職場の上司や同僚と話していると、「最近の新人はメンタル弱すぎ」なんてことをよく耳にしています。
豆腐メンタルの私から見ればメンタル弱すぎな新人はあまり居ないのですが、新人がメンタル弱すぎと見られるのはなぜなのでしょうか?
新人のメンタルが弱いのは会社のせい?
最近の新人など若い人が上司や先輩からメンタルが弱いと言われる要因には、「会社の問題」もあります。
ネットで「新人 メンタル弱い」などと調べると、メンタルが弱いのは新人本人に問題があるかのような情報ばかりがヒットします。私の豆腐メンタルは確かに私自身に問題があるのですが、新人のメンタルが弱いように見えるのは本人に問題ないケースも少なくありません。
むしろ職場の環境など新人を受け入れている会社側に問題があって、新人のメンタルが弱いと感じてしまうことがあるのです。
体育会系の環境
新人のメンタルが弱く見える会社側の問題として、1つに「体育会系の環境」が挙げられます。私も体育会系出身ではないので、就職したばかりの頃には会社内にはびこる体育会系の雰囲気に馴染めませんでした。
体育会系出身者は厳しい上下関係の中で育ってきたため、挨拶やある程度の礼儀作法が身についています。

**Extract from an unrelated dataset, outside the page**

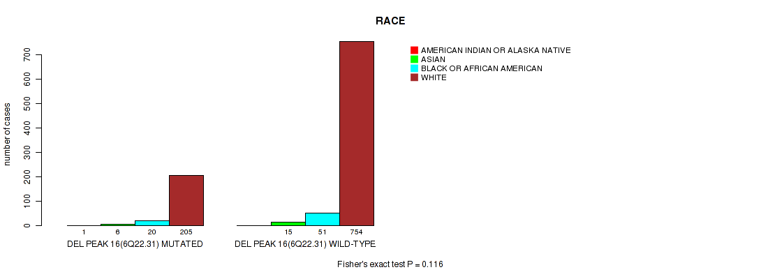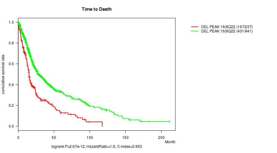 del_6q22.31 cnv correlated to 'Time to Death', 'YEARS_TO_BIRTH', 'TUMOR_TISSUE_SITE', 'GENDER', 'RADIATION_THERAPY', 'KARNOFSKY_PERFORMANCE_SCORE', 'HISTOLOGICAL_TYPE', 'RACE', and 'ETHNICITY'.

さらに、体育会系においては指導者や先輩は絶対的な存在であるため、上司や先輩の指示に素直に従う性質も持っています。
加えて、理不尽とも言える厳しい練習に耐え抜いてきたこともあって、精神的・肉体的な強さも持っているのです。他にも協調性やコミュニケーション能力、リーダーシップなどに優れていることから、雇う会社側が体育会系出身の人材を好む傾向があります。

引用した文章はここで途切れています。